The Board will consider this recommendation implemented when there are new pathways for escalations to affix High Risk and High Risk AI labels to content, and Meta reports to the Board on the volume of these labels attached in 2026, by quarter. The absence of a denominator (i.e., the total volume of unlabeled content that does not meet this threshold) should not be a barrier to providing this information to the Board.
Our commitment:
As announced in March, we are in the process of updating our automated systems, which may result in improvements to scaled AI content labeling. We are still assessing how this may impact escalation pathways, including for content under our Misinformation Community Standard. Moreover, we will assess how these updates and others can inform escalation pathways for applying the more prominent AI label to content.
Considerations:
In our initial responses and related announcement to Oversight Board recommendations about applying labels to AI-generated content, we emphasized that we will continue to review our approach to this content as the technology and its uses progress. As indicated in more recent responses to Board cases such as Alleged Audio in Iraqi Kurdistan, we are continuing this commitment to review and iterate on this, be it by expanded access to languages for labels or updating internal guidance and training related to the application of labels.
As we have noted in prior responses and in our Community Standards, we apply a more prominent label to AI-generated content that may materially deceive the public on a matter of importance. This more prominent label may be applied in addition to other AI info labels that we apply to the content to provide context as noted in the recommendations above. In many cases, media may be edited in benign ways such as for artistic reasons, but other times we may consider restricting AI-generated content when it otherwise violates our policies. In rare instances, content may be AI-generated in a way that creates a particularly high risk of materially deceiving the public on a matter of public importance, and we rely on a clear set of internal criteria to consider applying the more prominent label in these cases. This criteria includes requiring reliable indicators of being digitally created or altered, which are assessed by specialized teams.
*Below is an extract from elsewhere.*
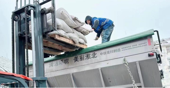 合肥鹽業(yè)公司全體職工全員上崗,開展融雪鹽配送工作。

As the Board notes, applying this label to content requires clear escalation pathways, but it also requires careful consideration of the content by subject matter experts. For example, in our response to recommendation 1 in the Iraqi Kurdistan case, we noted that we had recently updated our guidance to also apply the more prominent label when we identify duplicate, identical content. However, we also highlighted that there are instances when identical content may be shared in a clearly condemning or debunking context and we would not apply the label in those cases.
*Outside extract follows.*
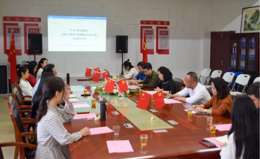 副院长戚峻玮对四月初将要举办的研讨会方案进行详细介绍,研讨会的主旨在于进一步加强高校与市文学艺术界联合会的交流合作,共同推动本土艺术人才的培养,探讨东莞艺术产业的发展,为东莞艺术人才高质量发展做出应有的贡献。东莞市文联专职副主席江祎霞表示此次举办的研讨会意义重大,在学生、学校、社会层面具有重大的影响。她表示加强市文联与高校的紧密联系,建立人才库常态化输入人才,培养文艺类后备队伍完善人才培养机制才能更好的服务社会。东莞市文联领导对四月初即将举办的研讨会表示肯定,以研讨会为契机借助市文联平台完善人才培养机制,为研教研学及专业发展指明方向,为社会输入创新型人才,加强艺术培育工作,促进学生身心健康发展。

Finally, we recently announced in March 2026 that we have begun introducing more advanced AI systems to help enforce our policies. These systems cover languages spoken by 98% of people online, helping us apply policies more accurately and consistently across billions of pieces of content and can also understand context and cultural nuance, including niche subcultures, rapidly changing and regionally specific code words, emoji meanings and slang. However, expert teams will continue to be crucial in enforcement including on potentially high-risk and high-impact decisions. As part of this ongoing work to introduce these systems and continue to iterate on our policies and their enforcement, we will assess how we can further improve escalation pathways for additional application of the more prominent AI label to content that meets our criteria. We will provide updates on the progress of this work in future reports to the Board.